No Albertan got a taste of Notley's smarmy condescension directed to municipal permit bureaucracies that tried to honestly process the TMX application, only to be played by bad-faith actors. The extensive documentation on the TMX personnel's duplicity submitted to the NEB shut the pro-oil Calgary Herald editorial board up on that topic. Meanwhile, Notley banned BC wines from entering Alberta. What a joke -- the sales of BC wines skyrocketed, mainly amongst British Columbians. Mountains of cases of Mission Hill and Hester Creek were selling faster than the deliveries could manage, and shortages developed.

I am realizing that the only viable way to change Alberta's policies and attitude is to watch its markets dry up.
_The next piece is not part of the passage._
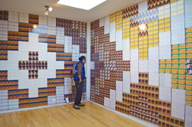 Michael Darmody, installation view of House of Cards, 2012, 3,600 souvenir Indian postcards mounted on foam board squares on four walls of a 12 x 18 x 10 ft. space (artwork © Michael Darmody; photograph by the artist)

Joe Biden has started the ball rolling with the cancellation of Keystone (though there are other pipelines that can still take the volume) followed by a two trillion dollar budget with a heavy focus on fighting climate change. Investors are nibbling down the mountain of cheese and steadily leaving the scene. Electrification of the domestic North American car fleet is just ramping up (eastern Canada's auto sector will benefit to a degree), which will probably be the biggest punch in the face to the Alberta oil industry's dependence on a land transportation market. These things take time, but this ism evolving to be the make or break decade.

Kenney and Notley can play oil monopoly all they want, but they will never control anything beyond their borders. Not even BC wine.

I’m not sure that the problem is the politicians - as long as people continue to blindly lap up the easy answers, the way to win it seems is to tell them what they want to hear. What’s that old chestnut from Thomas Jefferson - “the government that you elect is the government that you deserve.”

Right wing think tanks and dark money from the Kochtopus could well be the real culprits behind Alberta's mindless refusal to recognize the shifts in global markets, never mind the rising tide of evidence that fossil fuel energy is burning large, unrepairable holes in the ecospheres we depend on.

But perhaps it served as a useful distraction.....attacking foreign environmentalists while secretly negotiating with foreign mountain top removing coal companies from Australia.

If the NDP gains power, my suggestion for keeping the 'war room' alive...if that's what Albertan's get off on.....is a thorough examination of the money trail left behind by Gina Rinehart's Riversdale corporation....and other similar slime buckets of the global coal cartel.

To match these absurdities, I propose an enquiry into the "foreign" coal, oil and gas funders of the oil sands and gas projects over the last 50 years. On the other hand, they're all hiding in plain sight or divesting as quickly as they can. So let's use our limited dollars to go after the industry laggards who have refused to clean up their orphaned or abandoned wells, instituting retroactive and escalating fines if they don't. And re-train Albertan oil/gas workers to build the green energy future they deserve.